There is a rather glorious lunacy to the whole thing. No one has exposed this better than the word-magician Vladimir Nabokov. Reading his second English-language novel, Bend Sinister, when I was at university, I warmed to his account of how anti-Stratfordianism has the same allure as men of bizarre genius, big-game hunters, chess players, prodigiously robust and versatile lovers and the radiant woman taking her necklace off after the ball. The protagonist, a philosopher called Adam Krug, and his friend Ember consider the authorship question from a strictly epistemological point of view:

Theoretically there is no absolute proof that one’s awakening in the morning (the finding oneself again in the saddle of one’s personality) is not really a quite unprecedented event, a perfectly original birth. One day Ember and he had happened to discuss the possibility of their having invented in toto the works of William Shakespeare, spending millions and millions on the hoax, smothering with hush money countless publishers, librarians, the Stratford-on-Avon people, since in order to be responsible for all references to the poet during three centuries of civilization, these references had to be assumed to be spurious interpolations injected by the inventors into actual works which they had re-edited; there still was a snag here, a bothersome flaw, but perhaps it might be eliminated, too, just as a cooked chess problem can be cured by the addition of a passive pawn.

Ember then comes up with a fantastically perverse reading of Hamlet in which

The real plot of the play will be readily grasped if the following is realized: the Ghost on the battlements of Elsinore is not the ghost of King Hamlet. It is that of Fortinbras the Elder whom King Hamlet has slain. The ghost of the victim posing as the ghost of the murderer – what a wonderful bit of farseeing strategy, how deeply it excites our intense admiration!

There was nothing to stop Nabokov from inventing a character who seeks to reinvent Hamlet as a cypher in the manner of his own novels, which are full of doubles and shadows, poses and stratagems (Humbert Humbert and Clare Quilty in Lolita, the Twelfth Night-like twinning of the narrator V and his biographical subject in The Real Life of Sebastian Knight, and many more). And since there is no way of proving definitively that what you think of as the real world is not a dream, that this morning was not your first morning, that the past is not a fiction, and that the plot of Hamlet is not a hoax, you can’t prove definitively that the identity of Shakespeare is not a hoax.

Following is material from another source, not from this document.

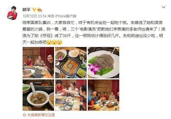 郎平社媒并配文:“浪浪为了拍《夺冠》减了30斤,这一顿我估计得涨好几斤,朱和姚迪也没少吃,明天一起加练吧。”

Before writing Bend Sinister, Nabokov read a classic conspiratorial treatise, Bacon is Shake-speare by Sir Edwin Durning-Lawrence, BART., B.A., LL.B., ETC. Following in his footsteps, I ventured into Durning-Lawrence’s book:

In Camden’s ‘Remains’ of 1616 in the Chapter on Surnames, because the head ornament is printed upside down, we may be perfectly certain that we shall find some revelation concerning Bacon and Shakespeare.

Accordingly on p. 121 we find the name of a village ‘Bacon Creping.’ There never was a village called ‘Bacon Creping.’ And on page 128 we read ‘such names as Shakspeare, Shotbolt, Wagstaffe.’ In referring to the great Cryptographic book, we shall realise the importance of this conjunction of names.

I love the assurance of we may be perfectly certain.

Durning-Lawrence then introduces his prize exhibit, a facsimile of the title page of the great Cryptographic book, a sixteenth-century treatise by Gustavus Selenus (a pseudonym, naturally) entitled Cryptomenytices et Cryptographiae. He invites the reader to look closely at its triptych of images.

Nabokov pillages and dilates upon Durning-Lawrence’s analysis. Ember has the images on his wall, allegedly annotated in the hand of a contemporaneous scholiast:

Number one represents a sixteenth-century gentleman in the act of handing a book to a humble fellow who holds a spear and a bay-crowned hat in his left hand. Note the sinistral detail … Note also the legend: ‘Ink, a Drug.’ Somebody’s idle pencil (Ember highly treasures this scholium) has numbered the letters so as to spell Grudinka which means ‘bacon’ in several Slavic languages.

Number two shows the rustic (now clad in the clothes of the gentleman) removing from the head of the gentleman (now writing at a desk) a kind of shapska. Scribbled underneath in the same hand: ‘Ham-let, or Homelette au Lard.’

Finally, number three has a road, a traveller on foot (wearing the stolen shapska) and a road sign ‘To High Wycombe.’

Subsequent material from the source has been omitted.